I am glad I've gotten and see that it will help me get more of a chance to read, but perfect it aint.

BlackKnight
09-19-2009, 12:53 AM
Are there many nonfiction books in the Kindle Store? How does the Kindle handle figures and graphs, or other illustrations?

Reply
09-19-2009, 01:29 AM
Well, the Kindle Store lists 223,899 nonfiction results (http://www.amazon.com/Nonfiction-Books-Kindle/b/qid=1253337974/ref=sr_tc_2_0?ie=UTF8&node=157325011), but that's kinda meaningless since any number of them could be junk. Better to search for the book(s) you're interested before you buy (you can search without owning a Kindle).

The Kindle displays graphics inline the way books do, but keep in mind the limited screen size makes detailed diagrams difficult to see. Even on a Kindle DX, I had to flip the orientation to landscape to get a better view at certain pictures.

Markxxx
09-19-2009, 07:47 PM
Well the DRM is hardly a real issue ;)

Remember the DRM act allows for a person to remove DRM legally from a CD (CDs fall into a special case because of that Sony fiasco when CDs with DRM were putting things on people's computers without their knowledge. It doesn't apply to other mediums like direct file downloads, because of that special rules were adopted for a period of time and as of now have been extended for another period) or an e-reader device IF that DRM prevents a person with a disablity from properly viewing it.

All DRM'd e-readers must comply with the ADA or they cannot prevent removal of DRM

I know this board doesn't allow discussing that so just Google for details

Reply
09-19-2009, 07:56 PM
Well the DRM is hardly a real issue ;)

Remember the DRM act allows for a person to remove DRM legally from a CD (CDs fall into a special case because of that Sony fiasco when CDs with DRM were putting things on people's computers without their knowledge. It doesn't apply to other mediums like direct file downloads, because of that special rules were adopted for a period of time and as of now have been extended for another period) or an e-reader device IF that DRM prevents a person with a disablity from properly viewing it.

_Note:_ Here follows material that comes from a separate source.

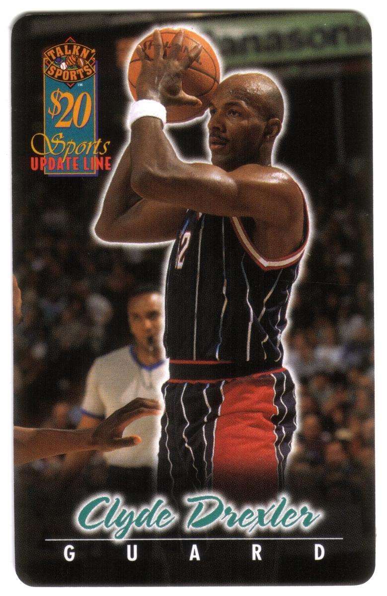 The background and layout focus primarily on basketball-related elements, including basketballs and the NBA logo, reinforcing the card’s sport-centric nature. This item serves as a collectible item for basketball fans and collectors interested in NBA memorabilia, specifically highlighting Clyde Drexler’s athletic career.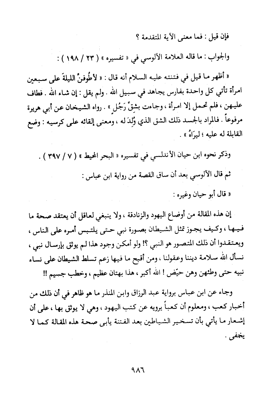 إن هذه المقالة من أوضاع اليهود والزنادقة، ولا ينبغي لعاقل أن يعتقد صحة ما فيها، وكيف يجوز تمثل الشيطان بصورة نبي حتى يلتبس أمره على الناس، ويعتقدوا أن ذلك المتصور هو النبي؟ ! ولو أمكن وجود هذا لم يوثق بإرسال نبي، نسأل الله سلامة ديننا وعقولنا، ومن أقبح ما فيها زعم تسلط الشيطان على نساء نبيه حتى وطئهن وهن حيض! الله أكبر، هذا بهتان عظيم، وخطب جسيم ا! وجاء عن ابن عباس برواية عبد الرزاق وابن المنذر ما هو ظاهر في أن ذلك من أخبار كعب، ومعلوم أن كَعْباً يرويه عن كتب اليهود، وهي لا يوثق بها، على أن إشعار ما يأتي بأن تسخير الشياطين بعد الفتنة يأبى صحة هذه المقالة كما لا يخفى.

All DRM'd e-readers must comply with the ADA or they cannot prevent removal of DRM

I know this board doesn't allow discussing that so just Google for details

Wait, what? I've been away from civilization for a while (seriously)... has something come along to override the DMCA's restrictions on removing DRM? No details needed, but got a link or even just the name of this act?

Bosda Di'Chi of Tricor
09-19-2009, 08:26 PM
There's a current Thread about somebody dropping their Kindle & breaking it.

Chefguy
09-19-2009, 08:44 PM
Are there many nonfiction books in the Kindle Store? How does the Kindle handle figures and graphs, or other illustrations?